Monday, September 16, 2013

Stuck in the Snow


 

Have you ever been stuck in snow or mud?  I have been a few times. My daddy taught his girls to get out of the snow by just gently rocking the car forward and backward just ever so much until you made a spot big enough to get enough traction to get out. Then just keep moving steadily, slowly forward. The worst possible thing we can do when stuck in the mud or snow is to give it the gas like we are peeling out for a race!  If we try that technique our tires are going to spin and we are going to dig hole that we are REALLY going to have a hard time getting out of. 

What is the problem with my daddy's technique?  Well, it requires patience.

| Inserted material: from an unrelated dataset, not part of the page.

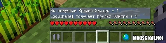 Если Вы хотите быстро получить надкрылья, то воспользуйтесь командой /give @p elytra 1.

That is something most of us don't have a lot of.  In today's world, we have been conditioned to thinking everything should happen instantly.  We've got instant oatmeal, we've got instant pudding, we've got prepackaged salad mixes, we've got microwave popcorn and I admit that sometimes that 1:30 minutes in the microwave is just too long!  With smartphones we don't even have to dial a telephone number.  We push a button and tell Siri to do it.  We don't even have to look it up!  Amazing.  I have to say that Siri doesn't understand the Southeast Missouri twang too well.... I've got to watch her like a hawk!

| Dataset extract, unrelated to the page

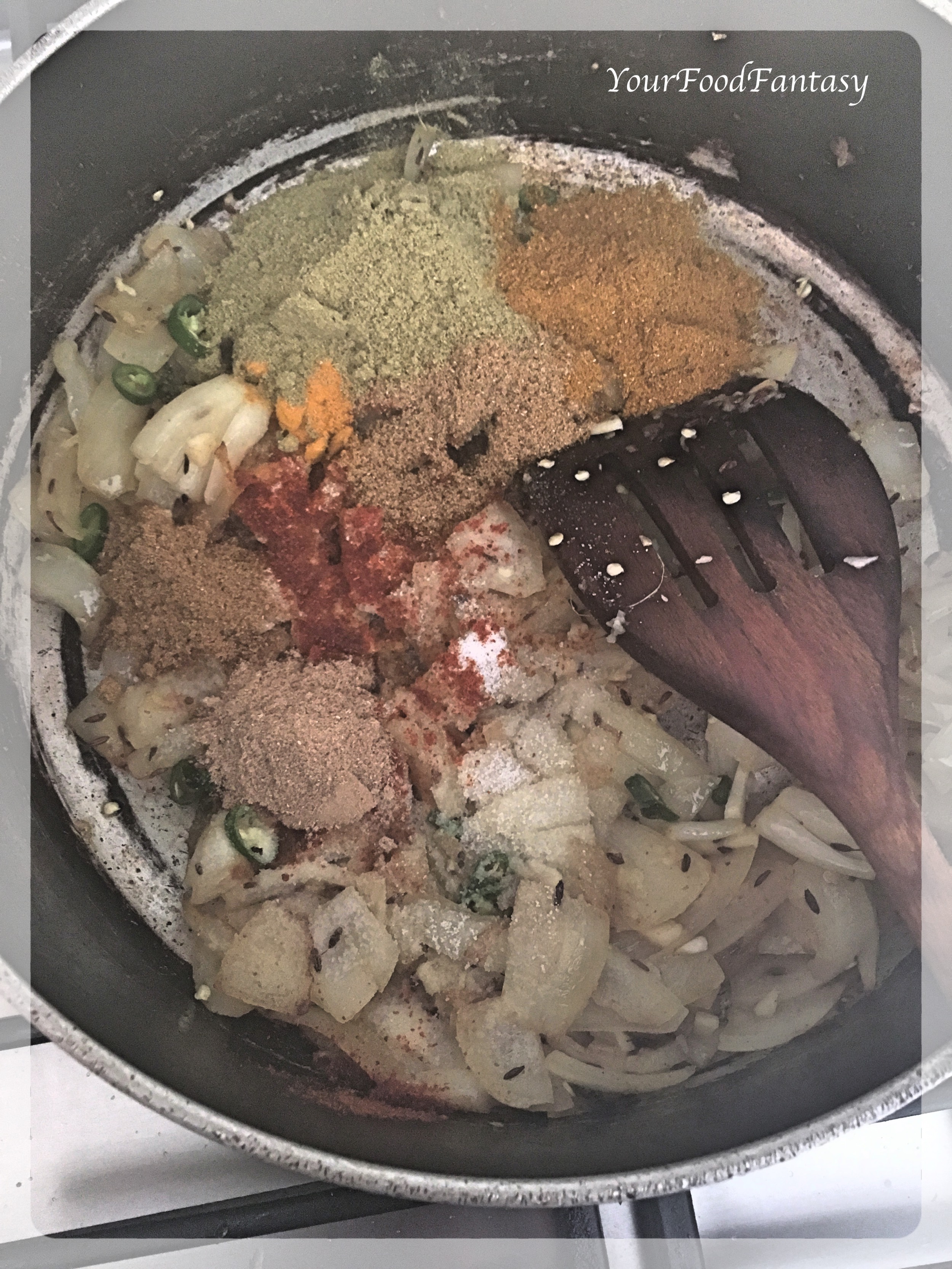 Now add all the spices and sauté for 1 minute.

There are some things where instant is good.  But there are some things that are just better given more time.  A homemade soup that is allowed to simmer on the stove for several hours, cookies made from scratch warm out of the oven, a fine wine, and a good cheese.  And a real face to face visit with a friend vs. texting back and forth.

Grief is one of those things that you can't just "peel out" of.  It takes that patient, gentle rocking back and forth to get the best results.  Oh, we can try the "peel out" method.  But usually that ends up being more harmful to us to in the long run. It may be jumping into another relationship that we are not ready for at all. It may involve becoming engrossed in our work, drinking, drugs, all done in an effort to avoid the pain that comes with a loss.  We may feel like these things are a quick fix to our pain.  They aren't - they just prolong the inevitable - at some point we are going to have to deal with the grief of our loss and possibly even more loss as a result of taking the speeding approach because we have dug a deeper hole for ourselves.

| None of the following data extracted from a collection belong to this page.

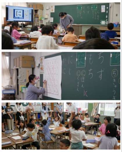 1年生は、国語科「50音(ひらがな)をおぼえよう」の学習で、ひらがなを書いたマスから乗り物や動物の名前を探し出すゲームをしながら楽しくひらがなを覚えました。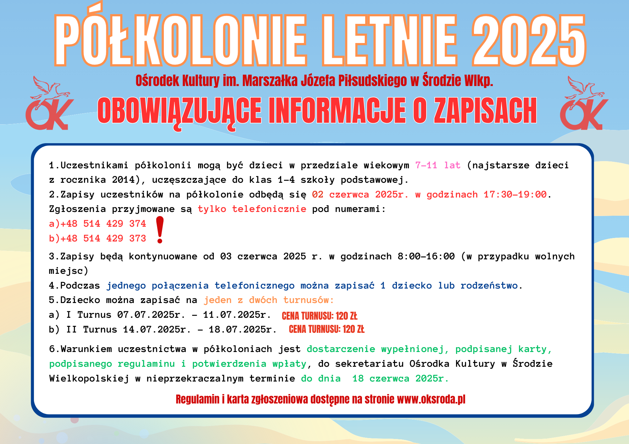 Z przykrością informujemy, że wszystkie miejsca na półkolonie 2025 Rycerze i Królewny zostały już zajęte.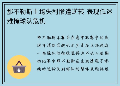 那不勒斯主场失利惨遭逆转 表现低迷难掩球队危机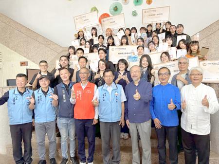 另外,亞洲大學執行團隊林磐聳教授及伊德視覺形象設計總監涂以仁也分別致詞,強調計畫的重要性與對年輕設計人才的期待。在簡短的致詞後,進入了精彩的頒獎環節,16組入選團隊依次上台領獎,並與來賓合影留念。

However, when we can be patient and let the feelings of grief come and go, and deal with them as they come and go, and allow ourselves to feel all the different emotions we will be better off in the long run.  We have to be willing to have days when we rock forward and days when we rock back, simply because that is the way grief works.  We can't fight it!  Blessed are those who are grieving who have friends who understand the process.  And honestly, if we have people around us who are pushing too hard for us "get over it and move on," it may be necessary to step away from those people for a time. They simply don't get it.  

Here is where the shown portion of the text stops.